Somewhere in the swirl of seeing patients and cooking dinner, of raising her kids and rolling out education campaigns, O’Dell discovered she had a deep desire to tell stories.
So when her husband planned a move to Omaha in 2006, she went too. She earned a Master of Fine Arts in Writing from the University of Nebraska Omaha, even as she helped build a public health curriculum for the university, all while mentoring students and teaching classes there. In addition, she worked on a broad, health care company-led initiative to combat childhood obesity.
In 2010, O’Dell moved back to Buchanan, alone. She stepped into a familiar role as director of the New River Health District, where she tackled Zika virus prevention, the effects of poverty on health, the drug use that was infecting her community.
But her writing joined her now as she walked through her days. In 2015, she published her first book of poetry, a collection centered around her early years as doctor and mother.
By 2016, she was ready to shift the balance: more writing, fewer meetings; more contemplation, fewer conversations about intractable societal problems.
“When I retired, the two things I was most looking forward to were not multi-tasking and not hurrying,” she says.

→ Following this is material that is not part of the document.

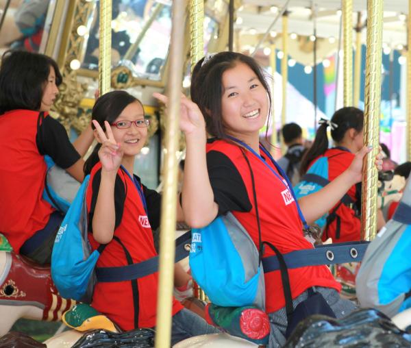 | オリニたちが最も楽しみにしていたロッテワールド。みんなでおそろいのカチューシャよ |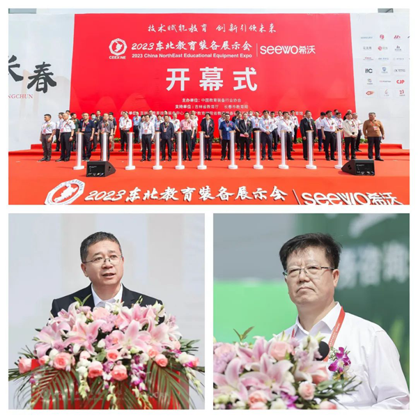 此次展會是中國教育裝備行業協會打造的第一個區域性展會,以“技術賦能教育 創新引領未來”為主題,近300家行業優質企業齊聚,展品覆蓋通用教育裝備、教育信息化裝備、后勤及學校安全設備、音體美勞教育裝備等各類優質教育裝備產品和服務,以裝備引領數字轉型,更好地服務師生、服務教學、服務科研、服務管理,服務教育信息化、現代化發展。開幕式上,教育部關心下一代工作委員會常務副主任、中國教育裝備行業協會專家委員會主任王富,中國教師發展基金會秘書長宋家樂,教育部教育技術與資源發展中心副主任趙憲志,吉林省教育廳黨組成員、副廳長劉青川,長春市人民政府副秘書長李林峰,中國教育裝備行業協會副會長夏國明,江西省委教育工委委員、教育廳副廳長程裕秋,長春市教育局黨組書記、局長崔國濤,長春市商務局副局長蔡德軍等重要領導親臨現場,共同啟幕。劉青川副廳長和崔國濤局長分別致辭,表達了對本次展會的誠摯祝賀。

But then an unknown virus swept the globe, upending everyone’s lives — including O’Dell’s.
Trusted Leader Takes Charge
When O’Dell was named communicable diseases director for Roanoke and Alleghany, residents across the region collectively exhaled. From the out-of-luck mother she’d treated at the health department clinic to the Buchanan town leaders who’ve worked alongside her since the 1980s, the folks O’Dell encountered over her career trust her calm competence and value her persistent problem-solving.
“I was so relieved when she was put in charge,” says author Beth Macy, who consulted O’Dell when researching her latest book, “Dopesick.” Macy has interviewed O’Dell for in-depth reporting projects over three decades.
“She’s not afraid to say the truth and we’re learning now that that’s so important,” Macy says.
O’Dell’s early days on the job felt like trying to stand beneath a raging waterfall. She had technology to master, a far-flung staff to connect with, new guidelines to adopt on everything from restaurant safety to death certificates.
“And then it all changes the next day, right?”
She held her first meetings in parking lots, so she could safely introduce herself to health department employees, explain what her responsibilities would be, answer anxious questions.
Eventually, she wrangled her duties into a manageable routine: daily and weekly conference calls with health directors throughout the state, communicable disease experts, city and county leaders, the media. She oversaw the handling of nursing home protocols and essential store safety plans.
Through it all, she leaned on time-tested techniques of collaboration and seeking input from a variety of community resources.
“With an interdisciplinary approach, you work through the issues together,” O’Dell explains. “It’s so easy when you know what the goal is, which is keeping the most people healthy and safe as you can with what your resources are.”
If there is any upside to the devastation that COVID has wrought, it’s that the role of public health is becoming clearer to everyone, O’Dell says.
“The core of public health is preventing disease and protecting the public,” she says. “And so once you have a communicable disease, it’s case investigation and contact tracing. We’ve been doing that forever. Nobody ever gave a hoot about that. And now it’s so important. For the average guy to understand COVID, they need to know a little bit about immunology and a whole lot about public health.”
No one knows how harshly the coronavirus will shake the Roanoke Valley before it’s through. But O’Dell is not afraid. She believes public health protocols will be a bridge to the other side of this crisis.
“There are systems in place to protect us and help us do the right thing,” she says, speaking from the heart and from decades of on-the-ground experience. “That’s the part that’s comforting.”